Michel J. Grothe, Spain
Unidad de Trastornos del Movimiento, Instituto de Biomedicina de Sevilla (IBiS), Hospital Universitario Virgen del RocíoCSIC/Universidad de Sevilla, Sevilla, Spain Unidad de Trastornos del Movimiento, Instituto de Biomedicina de Sevilla (IBiS), Hospital Universitario Virgen del Rocío/CSIC/Universidad de Sevilla, Sevilla, SpainPresenter of 2 Presentations
DATA-DRIVEN IDENTIFICATION OF DISTINCT COGNITIVE SUBTYPES IN PARKINSON’S DISEASE DEMENTIA: ASSOCIATIONS WITH CLINICAL, GENETIC, AND BIOMARKER CHARACTERISTICS
Abstract
Aims
To conduct a data-driven exploration of distinct cognitive profiles among patients with Parkinson’s disease dementia (PDD), and characterize these cognitive subtypes with respect to clinical and genetic characteristics as well as biomarkers of Alzheimer’s disease (AD).
Methods
From the Parkinson’s Progression Markers Initiative (PPMI) cohort we identified all individuals with Parkinson’s disease and dementia (N=74).

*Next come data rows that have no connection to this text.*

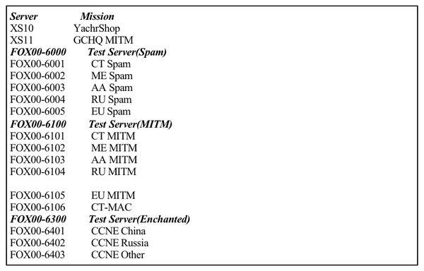 CNE下设一名或多名“酸狐狸”项目教官,这些教官可以领导一个或多个“酸狐狸”行动组,行动组中包括多名队员,分别承担直接支援特定的网络入侵行动、维护酸狐狸服务器等职责。TAO在全球范围内部署酸狐狸平台服务器,服务器按照目标所处区域进行分布式部署,包括中东地区、亚洲地区、欧洲地区等,其中编号前缀为XS的服务器是统筹多项任务的主服务器。值得注意的是,编号为XS11的服务器被明确分配给英国情报机构“英国政府通信总部”(GCHQ)开展中间人网络攻击行动。此外,TAO针对中国和俄罗斯目标设置了专用的“酸狐狸平台”服务器,编号为FOX00-64的系列服务器被用于支援计算机网络入侵行动队的漏洞攻击行动,其中编号为FOX00-6401的服务器专门针对中国目标,FOX00-6402的服务器专门针对俄罗斯目标。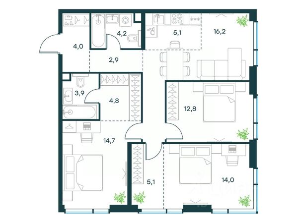 В квартире располагаются : 3 изолированных спальни, кухня-гостиная, три с/у, постирочная, холл. Панорамные эркерные окна! Просторная планировка! Большая дворовая территория, заполнена инфраструктура внутри самого ЖК: совсем скоро откроют "Летово kids" (уже в сентябре этого года), "Азбука Daily", "Здрасте", кафе "Среда", "Surf Coffee", "SIORI" - мебельный магазин, совсем скоро появится салон красоты и M2 Органик ресторан и магазин, есть аптека, цветочный магазин, винтовка и многое другое. Совсем скоро на территории 4-ой очереди будет уже муниципальная школа и ДОУ.
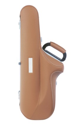 Estojo para saxofone Alto com tampa e base cobertas com pele natural. Tem duas correias acolchoadas tipo mochila e extraíveis, asa lateral, duas fechaduras BAM com chave.
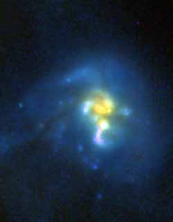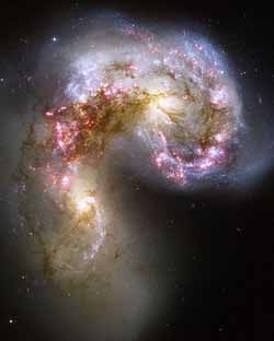 Interacting Galaxy or Colliding Galaxies are the result of one galaxy's gravity disturbing another galaxy.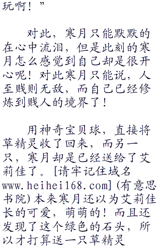 说完,在此看了看草精灵,然后瞪了寒月,一眼,这一眼包含了很多,然后慢慢的离去了。不过在走到寒月的身边的时候,却是说道:“艾莉佳就交给你了,我的孙女怎么可能比水蓝那个老太婆的孙女差!”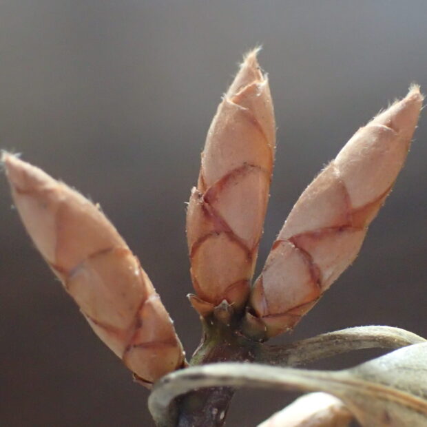 冬芽(葉芽)は細長く、 先がとがります。 黄色っぽく縁が赤い芽鱗が4〜5枚あります。

Of these, 51 (69%) were initially enrolled as de novo idiopathic PD and 23 (31%) had a confirmed LRRK2, GBA, or SNCA mutation. Ward’s hierarchical clustering was applied to domain-specific neuropsychological test data, and the derived PDD subgroups were then compared on clinical characteristics, prevalence of genetic mutations, as well as APOE4 genotype and CSF AD biomarkers (available for 44 and 59 patients, respectively).
Results
Clustering identified two distinct PDD subgroups with differing cognitive profiles (Fig. 1). Subgroups did not differ in overall dementia severity (MoCA: 19.7 vs 21.4, p=0.15) and were equally impaired in attention/executive functions, but Cluster-A (N=52, 70%) showed a more pronounced memory impairment, whereas Cluster-B (N=22, 30%) was more selectively impaired in visuospatial skills. Subgroups did not differ in duration or severity of motor symptoms, but Cluster-B trended towards an earlier age at PD onset (60.5 vs 65.3 years, p=0.07) and had a higher proportion of GBA mutation carriers (27% vs 4%, p=0.007). Subgroups did not differ in APOE4 prevalence or CSF amyloid-β or tau levels.
Conclusions
We identified distinct memory-predominant and visuospatial-predominant dementia presentations among PDD patients. These distinct cognitive profiles do not appear to be driven by comorbid AD pathology.